[The task]
In the listing below, find the line containing "参加神州车友会举办的周四有补" and the line containing "[더그로스] [글로우엠] 백엔드 엔지니어 인턴". Repeat exactly those two lines and every line between them.

[Data for analysis]
******
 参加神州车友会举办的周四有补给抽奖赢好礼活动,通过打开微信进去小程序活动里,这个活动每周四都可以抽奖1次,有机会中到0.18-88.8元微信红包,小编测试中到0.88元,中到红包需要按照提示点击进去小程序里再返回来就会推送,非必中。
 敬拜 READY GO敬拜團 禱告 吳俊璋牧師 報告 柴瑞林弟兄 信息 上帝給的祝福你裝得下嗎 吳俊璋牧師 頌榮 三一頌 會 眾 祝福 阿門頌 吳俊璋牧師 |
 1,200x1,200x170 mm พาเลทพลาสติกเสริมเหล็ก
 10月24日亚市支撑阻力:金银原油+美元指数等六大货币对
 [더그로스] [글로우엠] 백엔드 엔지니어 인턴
******
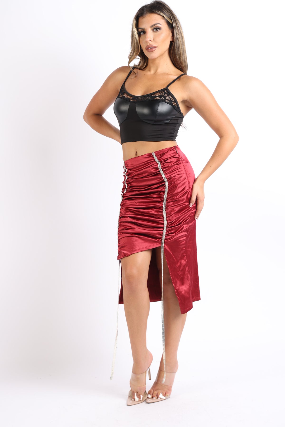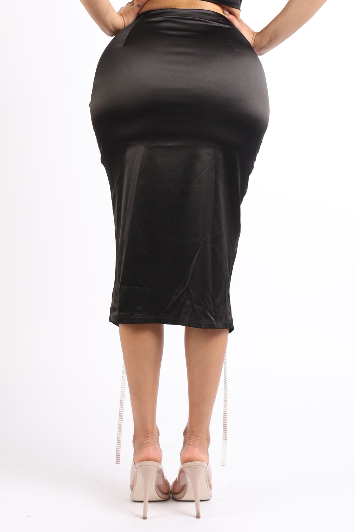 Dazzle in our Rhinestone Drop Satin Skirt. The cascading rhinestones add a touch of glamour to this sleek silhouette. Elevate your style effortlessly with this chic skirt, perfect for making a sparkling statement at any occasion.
******
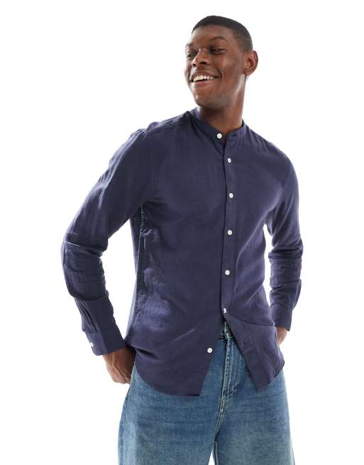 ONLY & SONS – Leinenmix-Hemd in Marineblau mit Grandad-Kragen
******
[Answer to this exercise]
 参加神州车友会举办的周四有补给抽奖赢好礼活动,通过打开微信进去小程序活动里,这个活动每周四都可以抽奖1次,有机会中到0.18-88.8元微信红包,小编测试中到0.88元,中到红包需要按照提示点击进去小程序里再返回来就会推送,非必中。
 敬拜 READY GO敬拜團 禱告 吳俊璋牧師 報告 柴瑞林弟兄 信息 上帝給的祝福你裝得下嗎 吳俊璋牧師 頌榮 三一頌 會 眾 祝福 阿門頌 吳俊璋牧師 |
 1,200x1,200x170 mm พาเลทพลาสติกเสริมเหล็ก
 10月24日亚市支撑阻力:金银原油+美元指数等六大货币对
 [더그로스] [글로우엠] 백엔드 엔지니어 인턴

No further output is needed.